Friday 19 January 2018

Gardai investigating after horse bought for Console Paul Kelly's daughter disappears in 'theft'

Paul Kelly (inset) and the horse bought for Kelly's daughter
Paul Kelly (inset) and the horse bought for Kelly's daughter
Laura Larkin

Laura Larkin

THIS is the valuable show jumping horse owned by disgraced Console director Paul Kelly which has mysteriously disappeared.

Gardai are investigating the alleged theft of the horse owned by Kelly, the latest episode in the shocking saga of the suicide counselling charity.

It is understood that the interim management of Console, which is to be wound down, is also looking into whether the horse – for which the Kellys reportedly paid more than €40,000 – was bought using charity funds.

The brown mare, named Ecapitola, was bought in 2014 for Kelly’s daughter Robyn, who is an accomplished show jumper.

Robyn Kelly competing with Ecapitola at the Cavan Spring Championships earlier this year. Photo: Jim Prime
Robyn Kelly competing with Ecapitola at the Cavan Spring Championships earlier this year. Photo: Jim Prime

The horse was removed on Thursday from stables owned by Olympic show jumping trainer Gerry Flynn by two men posing as gardai working on the Console investigation.

Their visit was arranged in a phone call last Wednesday night, and Mr Flynn said he was not home when the men arrived between 10am and noon.

They claimed that the horse had been identified following a trawl of records found in a storage facility in Kildare last Monday.

The mare was taken along with a white Fiat 500 car and a horse trailer.
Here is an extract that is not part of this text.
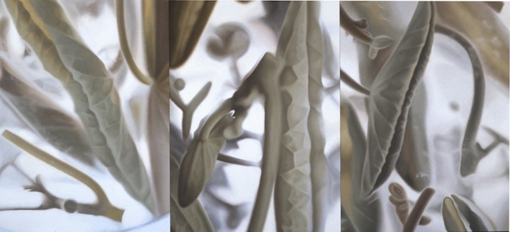 本展に参加するのは、樹木のある空間を紙の裏側から墨を滲ませた際の濃淡によって描画し、水墨画の伝統から新たな可能性を引き出してきた浅見貴子、柔らかい布、硬質な磁器など日常的なモチーフを取り巻く光に注目し、ものの存在を質感でとらえて描き出す伊庭靖子、気配や湿り気、植物の香りなど、ふとしたできごとを五感で受け止めてドローイングへとつなげる金田実生、樹木や風景を描画した上から絵の具で薄く覆い、画面のレイヤーを通じて幻想的な印象と物質感を往還する児玉靖枝、あるとき/ある場所の光や風をはらむ海や空や街路の情景をかけがえのないものとしてスケッチし、線とかたちと色相の響き合いへと置換する津上みゆき、樹々の間から見る空を樹木の複雑な構造を通して、画面上に生じる「空間」の不思議を問う日高理恵子、大気や水に満たされた大きな広がりを連想させる幻想的な世界を繊細かつ深遠な色調で表現する水村綾子。

Her father Paul Kelly. Photo: Robbie Reynolds
Her father Paul Kelly. Photo: Robbie Reynolds

Mr Flynn said he was told there was no squad car, nor did the men present ID.

He went straight to gardai in Longford when he arrived back from a day’s work in another county.

No arrests have yet been made, and no CCTV footage is available from the stables.

The two men were driving a silver BMW when they arrived at the property.

Robyn Kelly was doing work experience at Mr Flynn’s stables in Cloughan, Co Longford, for the past month. The young college student also worked there  for two months last summer.

The horse was stabled elsewhere for the rest of the year.

Ecapitola has competed in show jumping events around the country, most recently at the Tubberbride RC Summer League event in Co Sligo.

Mr Flynn said he was relieved there was no “rough stuff” at his home last week as a result of the theft.

“They might have tried to forcibly remove the property. I’m quite happy that it happened the way it did,” he told the Herald.

“There were two men and one of them was a burly sort of a guy, so if there was any resistance I’d be concerned about what might have happened.”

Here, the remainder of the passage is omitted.